**Assignment:** A word-for-word copy of the entries, with images excluded, is the expected answer.

**Information shown:**
BEGIN

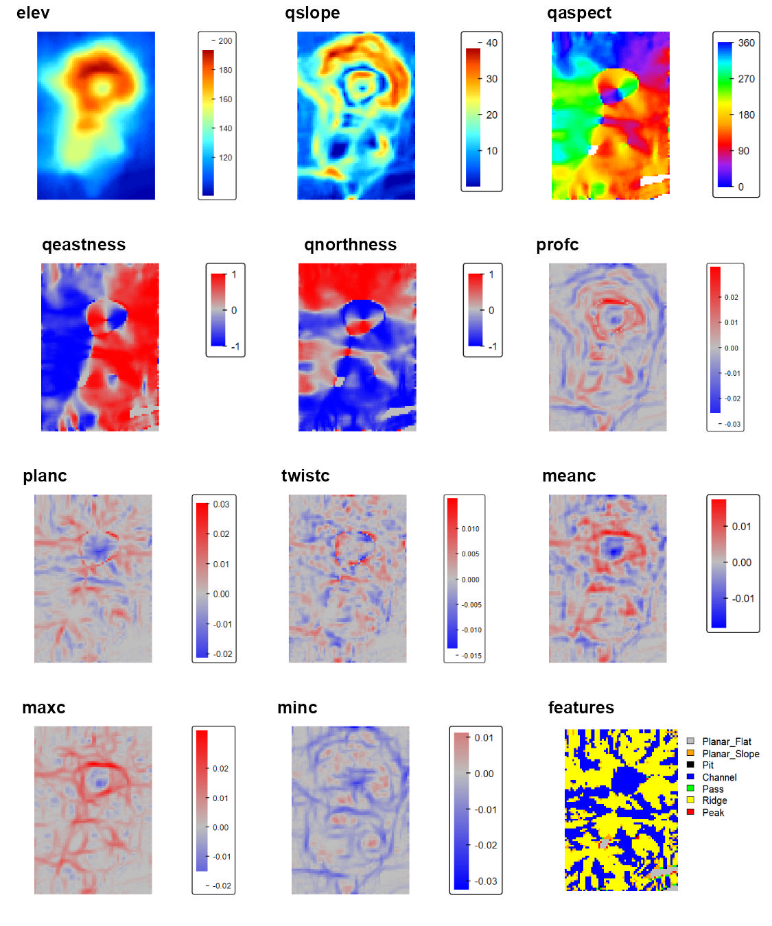 qmetrics<- Qfit(r, w = c(5,5), unit = "degrees", metrics = c("elev", "qslope", "qaspect", "qeastness", "qnorthness", "profc", "planc", "twistc", "meanc", "maxc", "minc", "features"), na.rm = TRUE)
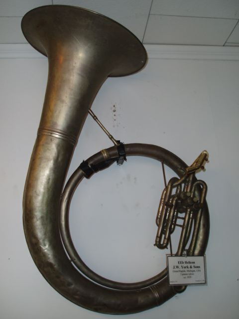 York, EE flat helicon, 3 piston, c.1920 Tag #: 02791 Serial #: 57737 Bell Diameter Bore Size 19 1/2″ .654″ Comments: “J.W. YORK & SONS / GRAND RAPIDS / MICH.” on bell. Floral engraving around identification marks. Share this: Click to share on X (Opens in new window) X Click to share on Facebook (Opens in new window) Facebook Like Loading...
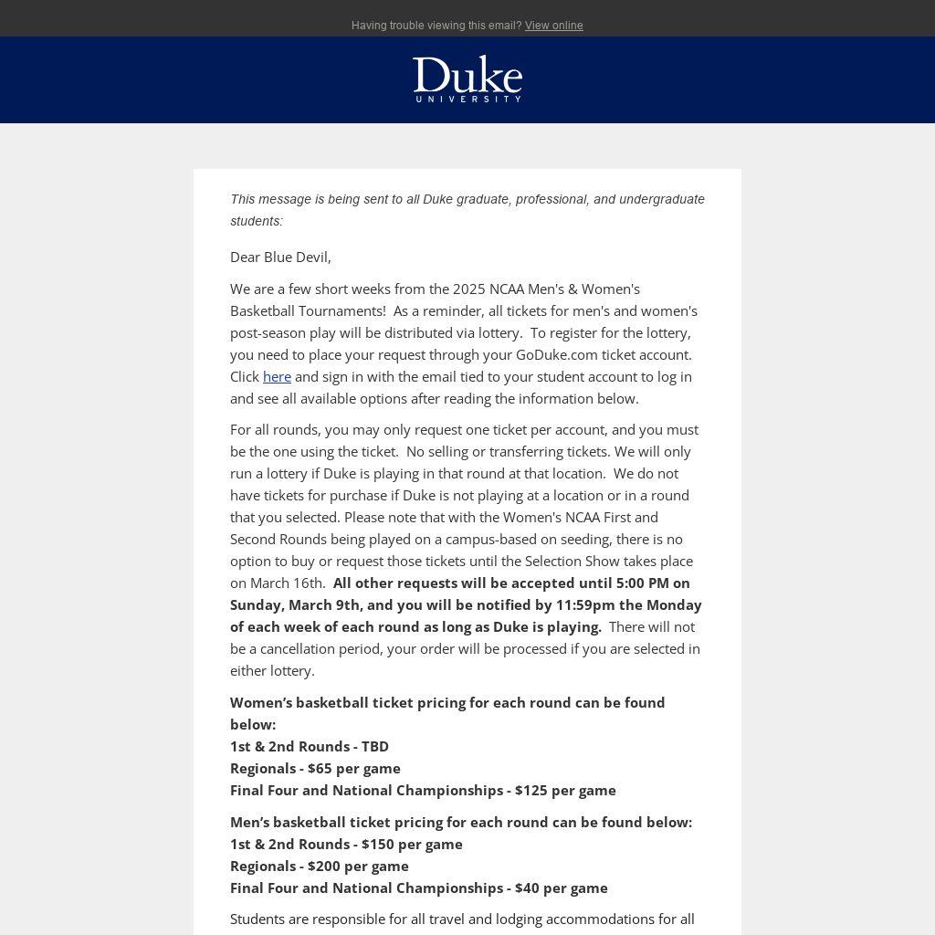 We are a few short weeks from the 2025 NCAA Men's & Women's Basketball Tournaments! As a reminder, all tickets for men's and women's post-season play will be distributed via lottery. To register for the lottery, you need to place your request through your GoDuke.com ticket account. Click here and sign in with the email tied to your student account to log in and see all available options after reading the information below.
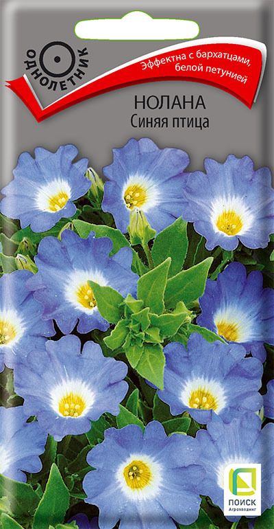 Это настоящее сокровище для оформления сада. Густооблиственные стебли образуют сплошной коврик высотой 10 см и диаметром до 70 см. Листья темно-зеленые. Над ними на длинных цветоножках приподнимаются крупные цветки, имеющие форму колокольчика. Диаметр цветков до 4 см. Цветёт обильно и продолжительно с середины июня и до заморозков. Нолана прекрасно подходит для использования в качестве почвопокровного, контейнерного и ампельного растения в кадках и подвесных кашпо.
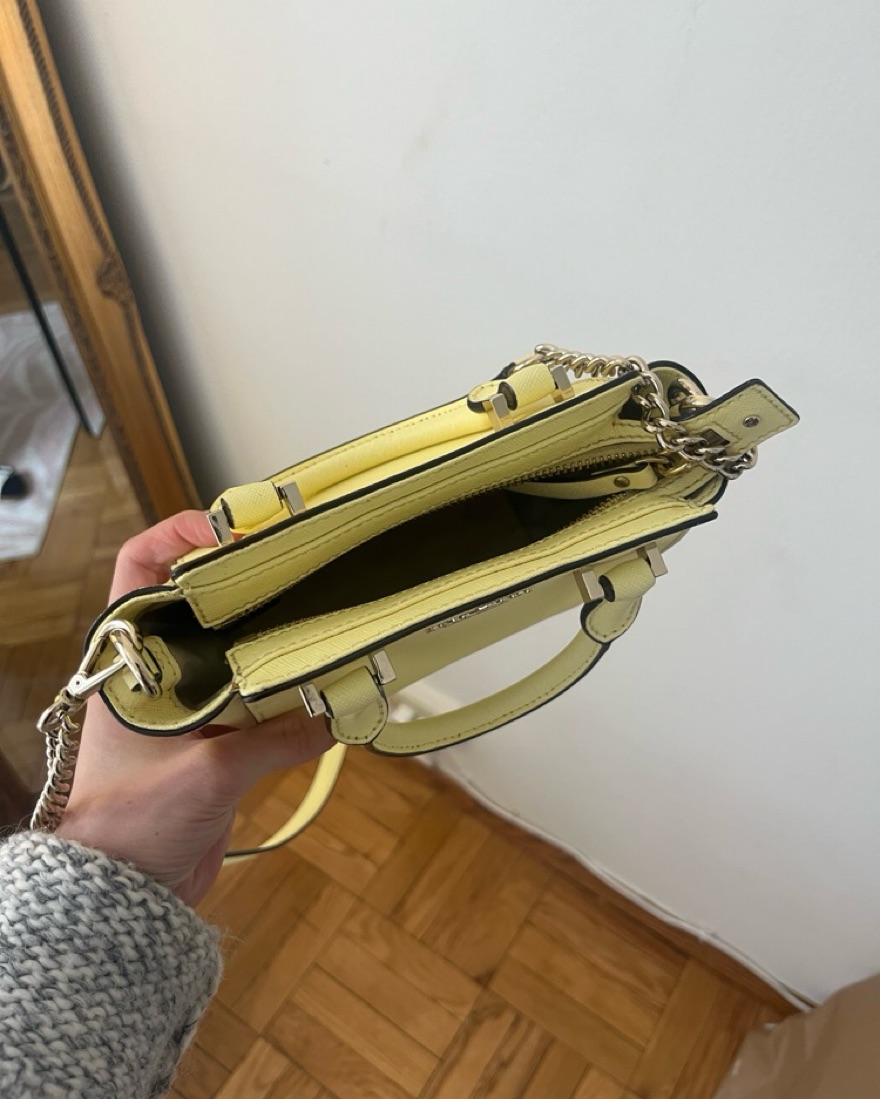 This pastel yellow purse adds a perfect pop of color for spring or summer!
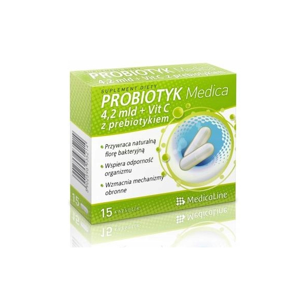 Głównymi składnikami suplementu diety Probiotyk Medica 4,2 mld+VitC z prebiotykiem są trzy szczepy bakterii probiotycznych (łącznie 4,2 mld bakterii w każdej kapsułce) lactobacilus planatarum, lactobacilus rhamnosus oraz bifidobacterium animalis, które przyczyniają się do przywrócenia naturalnej mikroflory bakteryjnej, wspierają odporność organizmu i wzmacniają jego mechanizmy obronne oraz prebiotyk w postaci błonnika akacjowego. Witamina C pomaga w prawidłowym funkcjonowaniu układu odpornościowego.

END

**Answer to this exercise:**
 qmetrics<- Qfit(r, w = c(5,5), unit = "degrees", metrics = c("elev", "qslope", "qaspect", "qeastness", "qnorthness", "profc", "planc", "twistc", "meanc", "maxc", "minc", "features"), na.rm = TRUE)
 York, EE flat helicon, 3 piston, c.1920 Tag #: 02791 Serial #: 57737 Bell Diameter Bore Size 19 1/2″ .654″ Comments: “J.W. YORK & SONS / GRAND RAPIDS / MICH.” on bell. Floral engraving around identification marks. Share this: Click to share on X (Opens in new window) X Click to share on Facebook (Opens in new window) Facebook Like Loading...
 We are a few short weeks from the 2025 NCAA Men's & Women's Basketball Tournaments! As a reminder, all tickets for men's and women's post-season play will be distributed via lottery. To register for the lottery, you need to place your request through your GoDuke.com ticket account. Click here and sign in with the email tied to your student account to log in and see all available options after reading the information below.
 Это настоящее сокровище для оформления сада. Густооблиственные стебли образуют сплошной коврик высотой 10 см и диаметром до 70 см. Листья темно-зеленые. Над ними на длинных цветоножках приподнимаются крупные цветки, имеющие форму колокольчика. Диаметр цветков до 4 см. Цветёт обильно и продолжительно с середины июня и до заморозков. Нолана прекрасно подходит для использования в качестве почвопокровного, контейнерного и ампельного растения в кадках и подвесных кашпо.
 This pastel yellow purse adds a perfect pop of color for spring or summer!
 Głównymi składnikami suplementu diety Probiotyk Medica 4,2 mld+VitC z prebiotykiem są trzy szczepy bakterii probiotycznych (łącznie 4,2 mld bakterii w każdej kapsułce) lactobacilus planatarum, lactobacilus rhamnosus oraz bifidobacterium animalis, które przyczyniają się do przywrócenia naturalnej mikroflory bakteryjnej, wspierają odporność organizmu i wzmacniają jego mechanizmy obronne oraz prebiotyk w postaci błonnika akacjowego. Witamina C pomaga w prawidłowym funkcjonowaniu układu odpornościowego.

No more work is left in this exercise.